● REQUIRED ACTION
Print a faithful copy of the data below, word for word, with the pictures left out.
------------
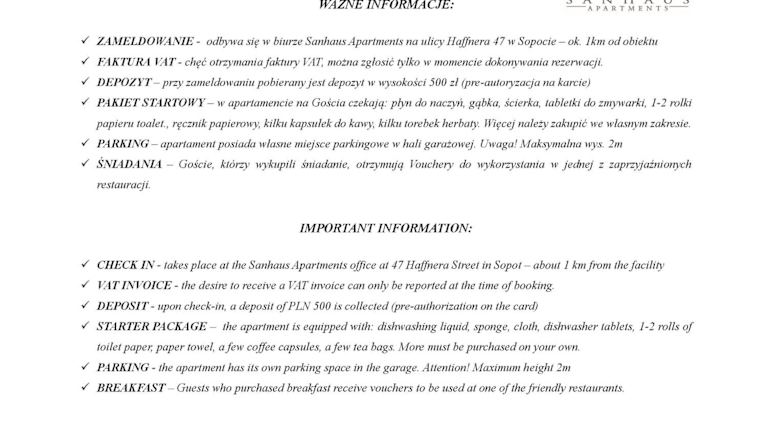 Die Sanhaus Apartments - Apartament Grand ist eine moderne Ferienwohnung mit Balkon und kostenlosem Privatparkplatz. Die Unterkunft bietet eine heimelige Atmosphäre und für Gäste, die Annehmlichkeiten wie Internet und Heizung schätzen, sind diese verfügbar. Es wird darauf hingewiesen, dass Junggesellen-/Junggesellinnenabschiede oder ähnliche Feiern in der Unterkunft nicht erlaubt sind. Der Check-in ist ab 16:00 Uhr möglich und der Check-out muss bis 11:00 Uhr erfolgen.
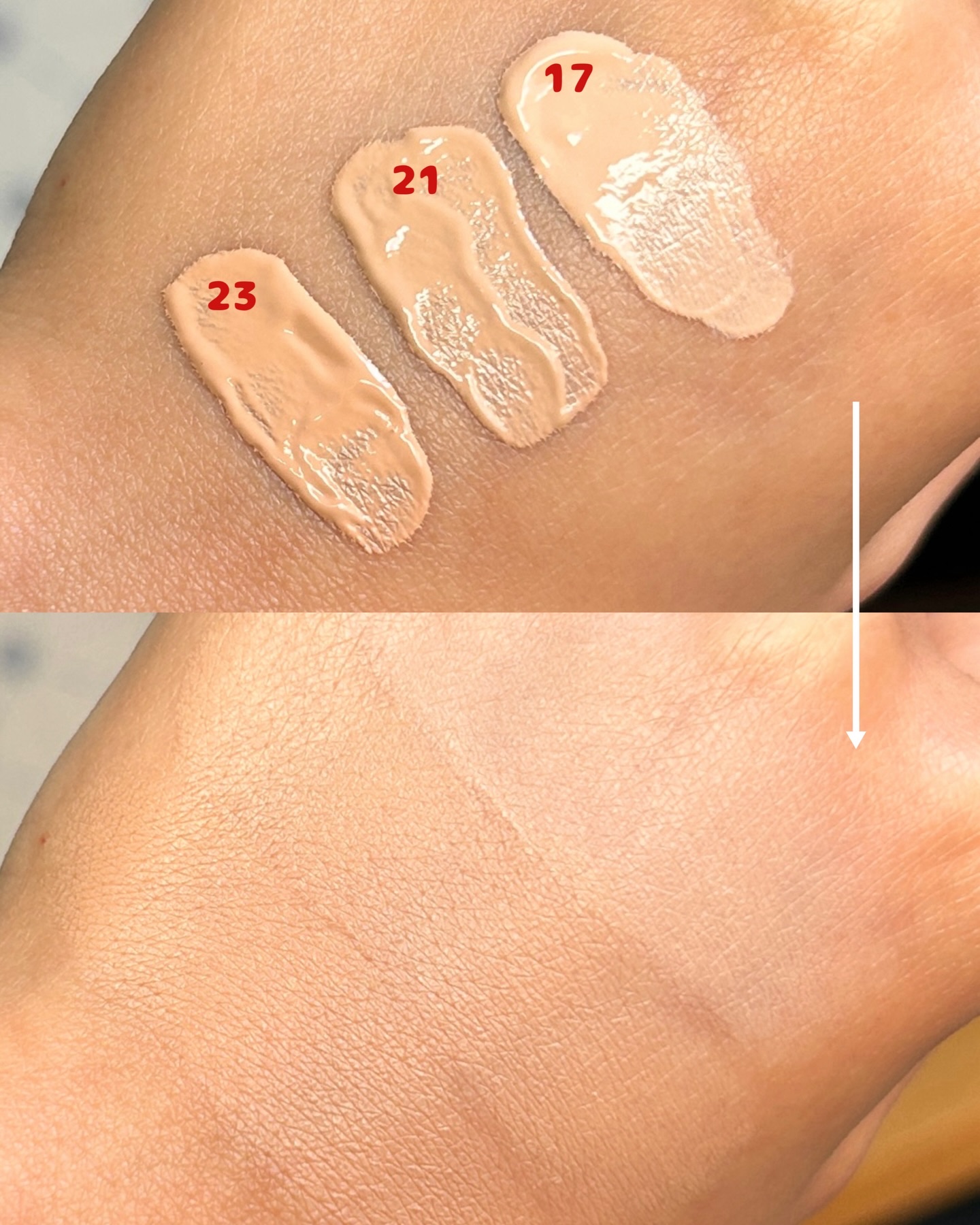 - <17号(ポーセリン)> 水、シクロペンタシロキサン、酸化チタン、プロパンジオール、メトキシケイヒ酸エチルヘキシル、サリチル酸ブチルオクチル、セチルPEG/PPG-10/1ジメチコン、BG、マイカ、炭酸ジエチルヘキシル、ナイアシンアミド、ジメチコン、イソドデカン、ポリメチルシルセスキオキサン、硫酸Mg、メタクリル酸メチルクロスポリマー、ジステアルジモニウムヘクトライト、酸化鉄、カプリリルジメチコンエトキシグルコシド、水酸化AI、ステアリン酸、ジメチコンクロスポリマー、セスキオレイン酸ソルビタン、トリエトキシカプリリルシラン、安息香酸Na、ラウロイルリシン、酢酸トコフェロール、炭酸プロピレン、ソルビン酸K、アルガニアスピノサ核油、アボカド油、アーモンド油、ポリヒドロキシステアリン酸、エチレンジアミンジコハク酸3Na、アデノシン、パルミチン酸エチルヘキシル、ミリスチン酸イソプロピル、イソステアリン酸、レシチン、ツバキ花エキス、ポリリシノレイン酸ポリグリセリル-3、ヨモギ葉エキス、1,2-ヘキサンジオール、アスコルビン酸、アルブチン、グリセリン、チャ葉エキス、ヒアルロン酸、加水分解ヒアルロン酸、ヒアルロン酸Na、ツボクサエキス、ローブッシュブルーベリー果実エキス、オウゴン根エキス、ポリクオタニウム-51、コメ発酵液、ダマスクバラ花エキス、コラーゲンエキス、加水分解カイメン、フェノキシエタノール、セラミドNP <23号(サンド)> 水、シクロペンタシロキサン、酸化チタン、プロパンジオール、メトキシケイヒ酸エチルヘキシル、サリチル酸ブチルオクチル、セチルPEG/PPG-10/1ジメチコン、BG、マイカ、炭酸ジエチルヘキシル、ナイアシンアミド、ジメチコン、イソドデカン、ポリメチルシルセスキオキサン、硫酸Mg、メタクリル酸メチルクロスポリマー、ジステアルジモニウムヘクトライト、酸化鉄、カプリリルジメチコンエトキシグルコシド、水酸化AI、ステアリン酸、ジメチコンクロスポリマー、セスキオレイン酸ソルビタン、トリエトキシカプリリルシラン、安息香酸Na、ラウロイルリシン、酢酸トコフェロール、炭酸プロピレン、ソルビン酸K、アルガニアスピノサ核油、アボカド油、アーモンド油、ポリヒドロキシステアリン酸、エチレンジアミンジコハク酸3Na、アデノシン、パルミチン酸エチルヘキシル、ミリスチン酸イソプロピル、イソステアリン酸、レシチン、ツバキ花エキス、ポリリシノレイン酸ポリグリセリル-3、ヨモギ葉エキス、1,2-ヘキサンジオール、アスコルビン酸、アルブチン、グリセリン、チャ葉エキス、ヒアルロン酸、加水分解ヒアルロン酸、ヒアルロン酸Na、ツボクサエキス、ローブッシュブルーベリー果実エキス、オウゴン根エキス、ポリクオタニウム-51、コメ発酵液、ダマスクバラ花エキス、コラーゲンエキス、加水分解カイメン、フェノキシエタノール、セラミドNP
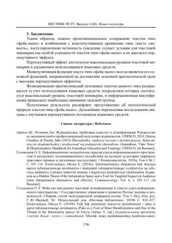 3. Головацкая О. Е. Фейк как инструмент массовой дезинформации и одна из угроз информационного пространства // Государственное управление и развитие России: вызовы и возможности: Сборник статей международной конференц-сессии. Том 3 /Под общ. ред. Г. Ю. Ивлевой. М.: Издательский дом “Научная библиотека”. 2018b C. 810-817.
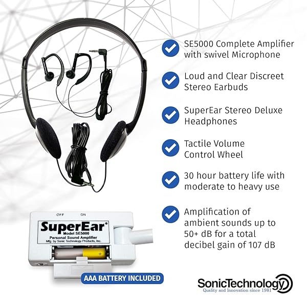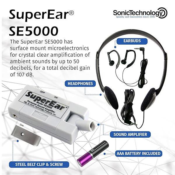 - SuperEar Model SE5000 (PSAP) for Seniors - Hearing Amplifiers for Seniors, Super Ear Personal Sound Amplifier, Sound Amplifier Listening Device and Audio Accessories in 50dB Ambient Sounds Increase offers reliable performance and quality- COMPATIBILITY: Response to sound amplification is completely dependent on an individual's unique ability to detect sounds. For this reason, a PSAP may or may not work for an individual depending on their individual need
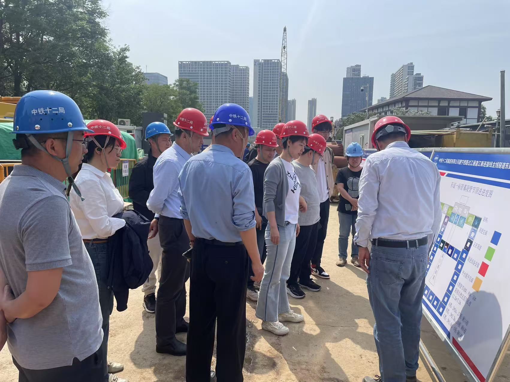 4月23日,南京市建设工程造价监督站市政科一行来到建宁西路过江通道江南连接线-主线隧道东延工程施工一标现场,对全国首例矩形管幕施工进行调研并指导工作,市公建中心合约处、建宁西路东延项目指挥部、造价咨询单位、施工单位参加交流座谈。
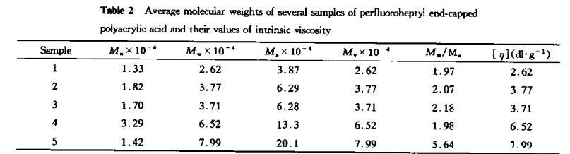 全氟庚雙酰過氧化物的熱分解屬于一級動力學反應,熱分解生成的全氟庚烷基自由基是一個非?;顫姷淖杂苫?,可引發(fā)丙烯酸(AA)在較低溫度下聚合,但產(chǎn)率較低,如表1所示。GPC分子量測定結果(表2)表明,隨丙烯酸與全氟庚基摩爾比增加,產(chǎn)物分子量相應增加,在低摩爾比情況下,多分散指數(shù)約在2左右,而高摩爾比時,分子量分布更寬,其多分散指數(shù)高達5以上。
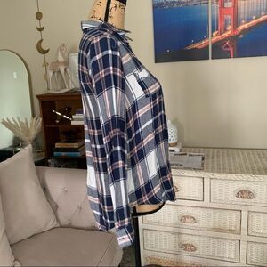 CHARLOTTE RUSSE Plaid Split Back Long Sleeves Plaid Blouse size XS Flannel feel
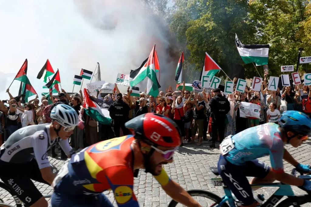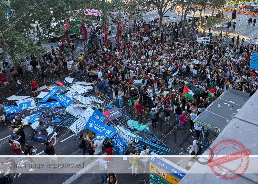 قام ما يقرب من 100 ألف متظاهر – وفقا للتقديرات الرسمية لمفوضية الحكومة المركزية في (مدريد)- بقطع الشارع الرئيسي الذي كان من المُنتظر أن ينتهي عنده سباق الدراجات La Vuelta، ومنع إقامة هذه المرحلة النهائية أو عقد مراسم تسليم الجوائز للفائزين وذلك للتعبير عن احتجاجهم على مشاركة أعضاء فريق Israel Premier Tech في هذا السباق، والتعبير كذلك عن تضامنهم مع الشعب الفلسطيني والتنديد بالمجازر والإبادة الجماعية التي ترتكبها إسرائيل ضد المدنيين في قطاع غزة.
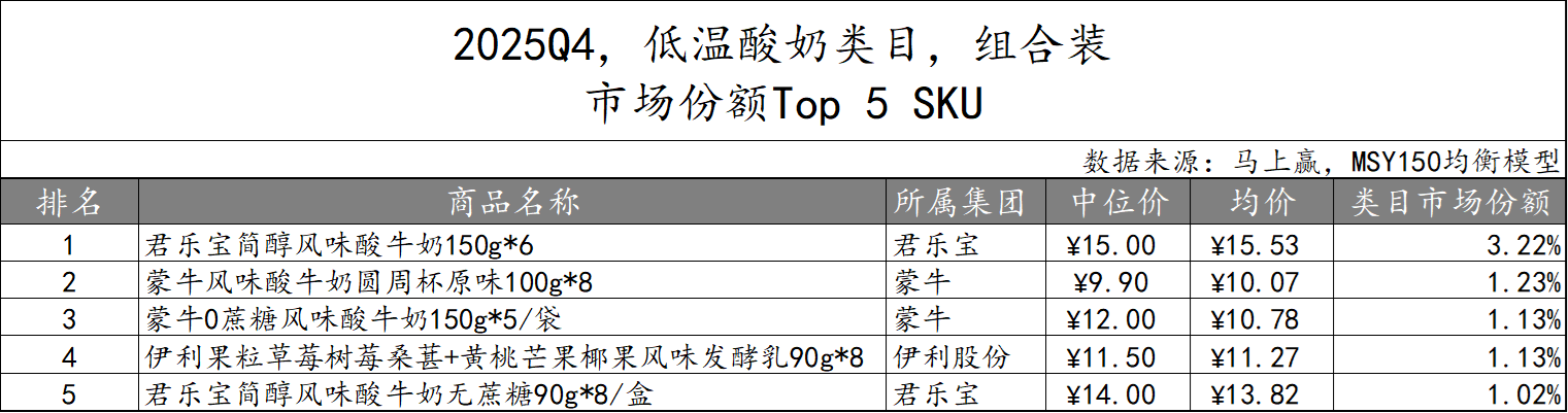 低温酸奶非组合装产品2025Q4市场份额TOP 5 SKU由伊利股份和君乐宝集团占据。伊利股份两款规格相同但风味不同的产品位居前二。君乐宝集团则主打“0添加”、“零蔗糖”概念,共有三款产品上榜。具体来看,低温酸奶非组合装TOP5产品风味多样,规格在120g-420g不等,产品类型、场景的多样性较为丰富。
------------
● SOLUTION TO THIS EXERCISE
 Die Sanhaus Apartments - Apartament Grand ist eine moderne Ferienwohnung mit Balkon und kostenlosem Privatparkplatz. Die Unterkunft bietet eine heimelige Atmosphäre und für Gäste, die Annehmlichkeiten wie Internet und Heizung schätzen, sind diese verfügbar. Es wird darauf hingewiesen, dass Junggesellen-/Junggesellinnenabschiede oder ähnliche Feiern in der Unterkunft nicht erlaubt sind. Der Check-in ist ab 16:00 Uhr möglich und der Check-out muss bis 11:00 Uhr erfolgen.
 - <17号(ポーセリン)> 水、シクロペンタシロキサン、酸化チタン、プロパンジオール、メトキシケイヒ酸エチルヘキシル、サリチル酸ブチルオクチル、セチルPEG/PPG-10/1ジメチコン、BG、マイカ、炭酸ジエチルヘキシル、ナイアシンアミド、ジメチコン、イソドデカン、ポリメチルシルセスキオキサン、硫酸Mg、メタクリル酸メチルクロスポリマー、ジステアルジモニウムヘクトライト、酸化鉄、カプリリルジメチコンエトキシグルコシド、水酸化AI、ステアリン酸、ジメチコンクロスポリマー、セスキオレイン酸ソルビタン、トリエトキシカプリリルシラン、安息香酸Na、ラウロイルリシン、酢酸トコフェロール、炭酸プロピレン、ソルビン酸K、アルガニアスピノサ核油、アボカド油、アーモンド油、ポリヒドロキシステアリン酸、エチレンジアミンジコハク酸3Na、アデノシン、パルミチン酸エチルヘキシル、ミリスチン酸イソプロピル、イソステアリン酸、レシチン、ツバキ花エキス、ポリリシノレイン酸ポリグリセリル-3、ヨモギ葉エキス、1,2-ヘキサンジオール、アスコルビン酸、アルブチン、グリセリン、チャ葉エキス、ヒアルロン酸、加水分解ヒアルロン酸、ヒアルロン酸Na、ツボクサエキス、ローブッシュブルーベリー果実エキス、オウゴン根エキス、ポリクオタニウム-51、コメ発酵液、ダマスクバラ花エキス、コラーゲンエキス、加水分解カイメン、フェノキシエタノール、セラミドNP <23号(サンド)> 水、シクロペンタシロキサン、酸化チタン、プロパンジオール、メトキシケイヒ酸エチルヘキシル、サリチル酸ブチルオクチル、セチルPEG/PPG-10/1ジメチコン、BG、マイカ、炭酸ジエチルヘキシル、ナイアシンアミド、ジメチコン、イソドデカン、ポリメチルシルセスキオキサン、硫酸Mg、メタクリル酸メチルクロスポリマー、ジステアルジモニウムヘクトライト、酸化鉄、カプリリルジメチコンエトキシグルコシド、水酸化AI、ステアリン酸、ジメチコンクロスポリマー、セスキオレイン酸ソルビタン、トリエトキシカプリリルシラン、安息香酸Na、ラウロイルリシン、酢酸トコフェロール、炭酸プロピレン、ソルビン酸K、アルガニアスピノサ核油、アボカド油、アーモンド油、ポリヒドロキシステアリン酸、エチレンジアミンジコハク酸3Na、アデノシン、パルミチン酸エチルヘキシル、ミリスチン酸イソプロピル、イソステアリン酸、レシチン、ツバキ花エキス、ポリリシノレイン酸ポリグリセリル-3、ヨモギ葉エキス、1,2-ヘキサンジオール、アスコルビン酸、アルブチン、グリセリン、チャ葉エキス、ヒアルロン酸、加水分解ヒアルロン酸、ヒアルロン酸Na、ツボクサエキス、ローブッシュブルーベリー果実エキス、オウゴン根エキス、ポリクオタニウム-51、コメ発酵液、ダマスクバラ花エキス、コラーゲンエキス、加水分解カイメン、フェノキシエタノール、セラミドNP
 3. Головацкая О. Е. Фейк как инструмент массовой дезинформации и одна из угроз информационного пространства // Государственное управление и развитие России: вызовы и возможности: Сборник статей международной конференц-сессии. Том 3 /Под общ. ред. Г. Ю. Ивлевой. М.: Издательский дом “Научная библиотека”. 2018b C. 810-817.
 - SuperEar Model SE5000 (PSAP) for Seniors - Hearing Amplifiers for Seniors, Super Ear Personal Sound Amplifier, Sound Amplifier Listening Device and Audio Accessories in 50dB Ambient Sounds Increase offers reliable performance and quality- COMPATIBILITY: Response to sound amplification is completely dependent on an individual's unique ability to detect sounds. For this reason, a PSAP may or may not work for an individual depending on their individual need
 4月23日,南京市建设工程造价监督站市政科一行来到建宁西路过江通道江南连接线-主线隧道东延工程施工一标现场,对全国首例矩形管幕施工进行调研并指导工作,市公建中心合约处、建宁西路东延项目指挥部、造价咨询单位、施工单位参加交流座谈。
 全氟庚雙酰過氧化物的熱分解屬于一級動力學反應,熱分解生成的全氟庚烷基自由基是一個非?;顫姷淖杂苫?,可引發(fā)丙烯酸(AA)在較低溫度下聚合,但產(chǎn)率較低,如表1所示。GPC分子量測定結果(表2)表明,隨丙烯酸與全氟庚基摩爾比增加,產(chǎn)物分子量相應增加,在低摩爾比情況下,多分散指數(shù)約在2左右,而高摩爾比時,分子量分布更寬,其多分散指數(shù)高達5以上。
 CHARLOTTE RUSSE Plaid Split Back Long Sleeves Plaid Blouse size XS Flannel feel
 قام ما يقرب من 100 ألف متظاهر – وفقا للتقديرات الرسمية لمفوضية الحكومة المركزية في (مدريد)- بقطع الشارع الرئيسي الذي كان من المُنتظر أن ينتهي عنده سباق الدراجات La Vuelta، ومنع إقامة هذه المرحلة النهائية أو عقد مراسم تسليم الجوائز للفائزين وذلك للتعبير عن احتجاجهم على مشاركة أعضاء فريق Israel Premier Tech في هذا السباق، والتعبير كذلك عن تضامنهم مع الشعب الفلسطيني والتنديد بالمجازر والإبادة الجماعية التي ترتكبها إسرائيل ضد المدنيين في قطاع غزة.
 低温酸奶非组合装产品2025Q4市场份额TOP 5 SKU由伊利股份和君乐宝集团占据。伊利股份两款规格相同但风味不同的产品位居前二。君乐宝集团则主打“0添加”、“零蔗糖”概念,共有三款产品上榜。具体来看,低温酸奶非组合装TOP5产品风味多样,规格在120g-420g不等,产品类型、场景的多样性较为丰富。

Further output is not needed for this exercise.